Although at first glance it may look straight, the regression line above actually exhibits some slight curvature. A second order quadratic model may have been enough to fit the experimental data, but a 3rd order polynomial takes into account any sigmoidal variation in the data.
In general the dispersion of a grating is not exactly linear in wavelength and deviations from linearity can be both in a positive sense and a negative sense, leading to a very slight s-shaped form of the regression line. The extent of non-linear dispersion in gratings is primarily determined by the accuracy of the ruling engine used to physically rule the grooves on the grating during its manufacture.
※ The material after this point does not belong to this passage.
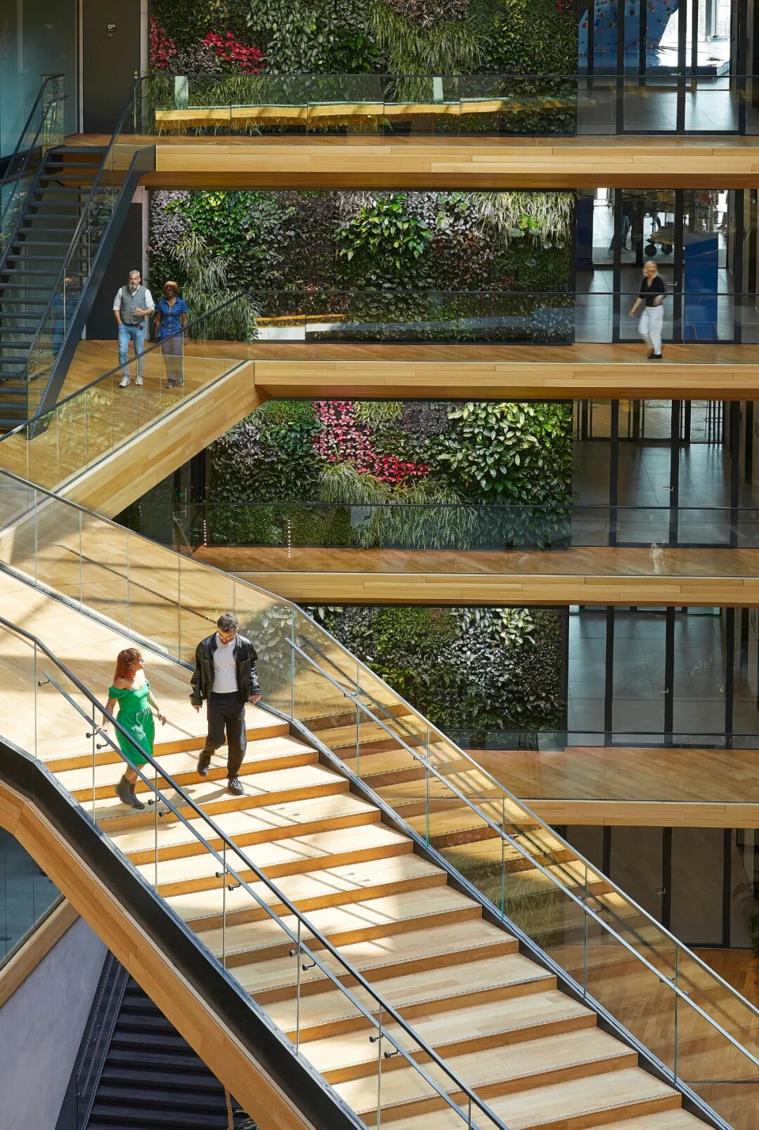 Throughout the building, the architecture nudges employees to move by fostering engaging environments and by encouraging physical movement by use of stairs, bridges, and galleries across all levels, including the rooftop. Even the emergency staircases become part of this concept, as untypically these are glazed along the atrium side, which not only encourages daily use but also offers light views from the stairs and visibility from the other spaces in the building.

It is also limited by the machining tolerances of the micrometer wavelength drive in the spectrometer.
Small spectrographs such as the MS125 that employ micrometers to change the wavelength range usually use a sine-bar drive. This is a device built onto the support that holds the grating in the spectrometer. It usually consists of a bar with a hardened steel ball at the end which is in intimate contact with the polished flat end of the micrometer shaft. Small variations in the machining or alignment of the sine-bar drive will also contribute to the small deviations from linearity that are seen in the calibration curve.